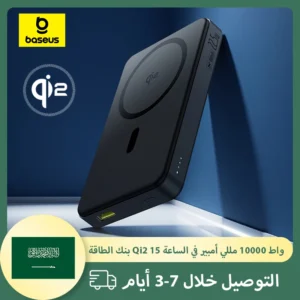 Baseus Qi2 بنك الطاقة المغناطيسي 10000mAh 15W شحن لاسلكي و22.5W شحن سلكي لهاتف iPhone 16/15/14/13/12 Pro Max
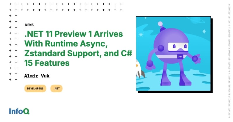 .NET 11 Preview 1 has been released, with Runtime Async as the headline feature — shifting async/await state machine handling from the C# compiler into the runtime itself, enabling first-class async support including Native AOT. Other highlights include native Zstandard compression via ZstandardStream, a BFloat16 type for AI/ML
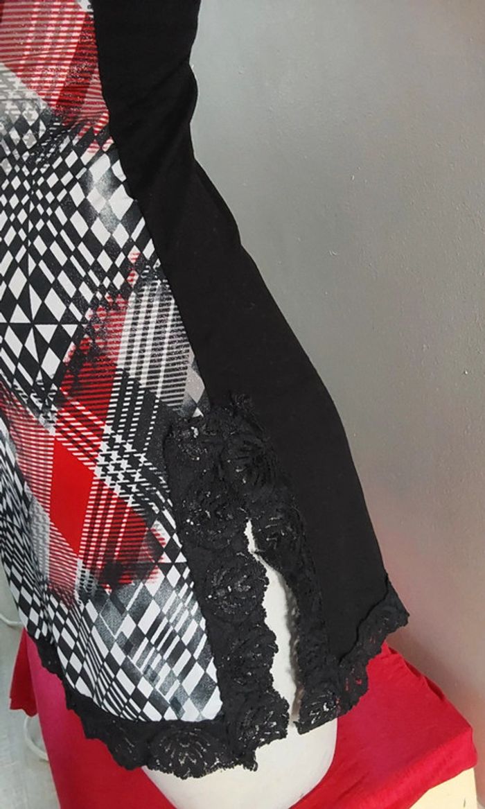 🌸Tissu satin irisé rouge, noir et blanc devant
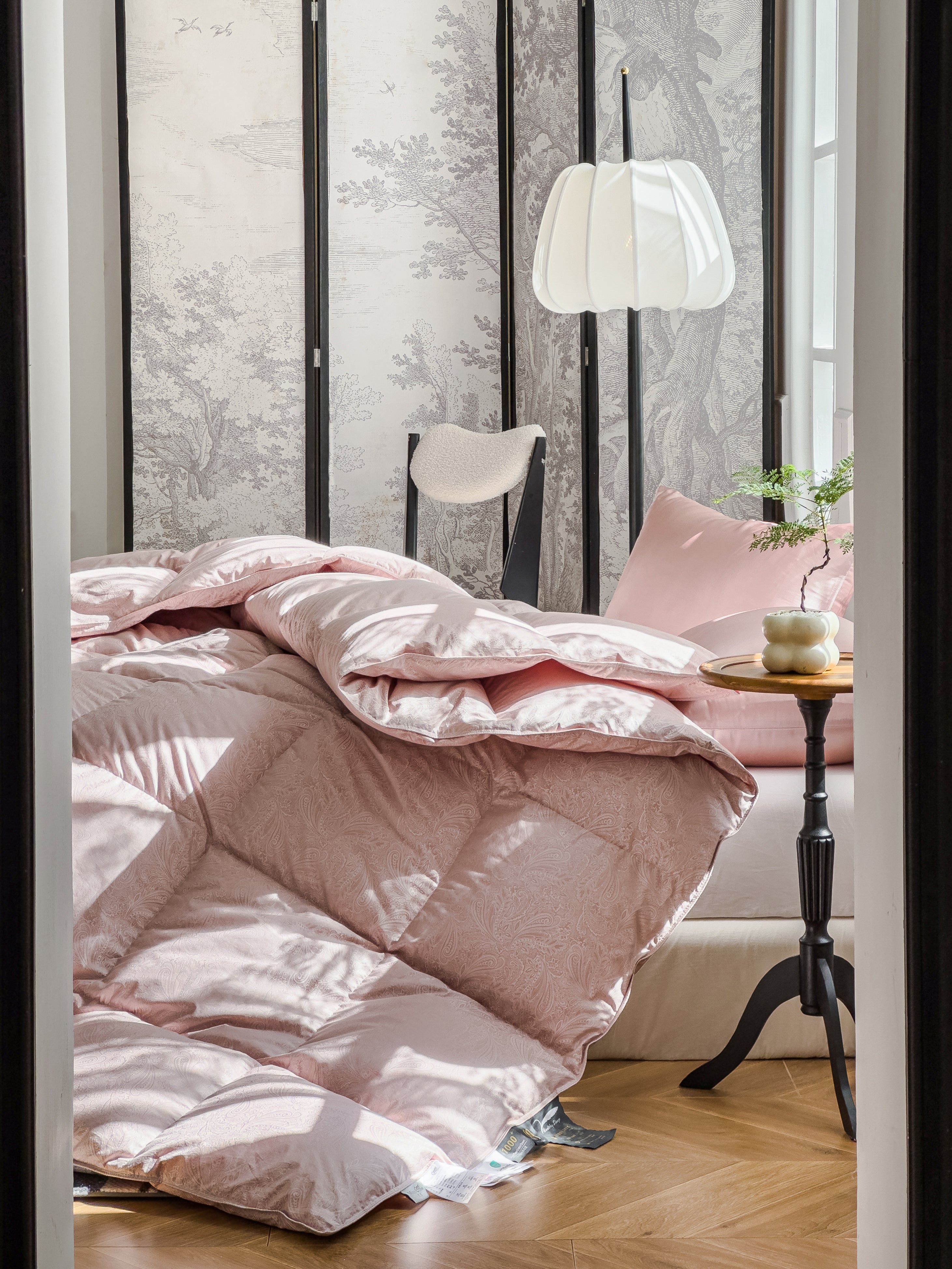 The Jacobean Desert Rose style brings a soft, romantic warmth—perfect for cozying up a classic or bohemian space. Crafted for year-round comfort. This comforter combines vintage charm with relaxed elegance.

Work instruction | Give back, exactly and with nothing added, the lines from the line with "type for AI/ML" through the final line of the data, both included; leave pictures out.

Final answer |
 .NET 11 Preview 1 has been released, with Runtime Async as the headline feature — shifting async/await state machine handling from the C# compiler into the runtime itself, enabling first-class async support including Native AOT. Other highlights include native Zstandard compression via ZstandardStream, a BFloat16 type for AI/ML
 🌸Tissu satin irisé rouge, noir et blanc devant
 The Jacobean Desert Rose style brings a soft, romantic warmth—perfect for cozying up a classic or bohemian space. Crafted for year-round comfort. This comforter combines vintage charm with relaxed elegance.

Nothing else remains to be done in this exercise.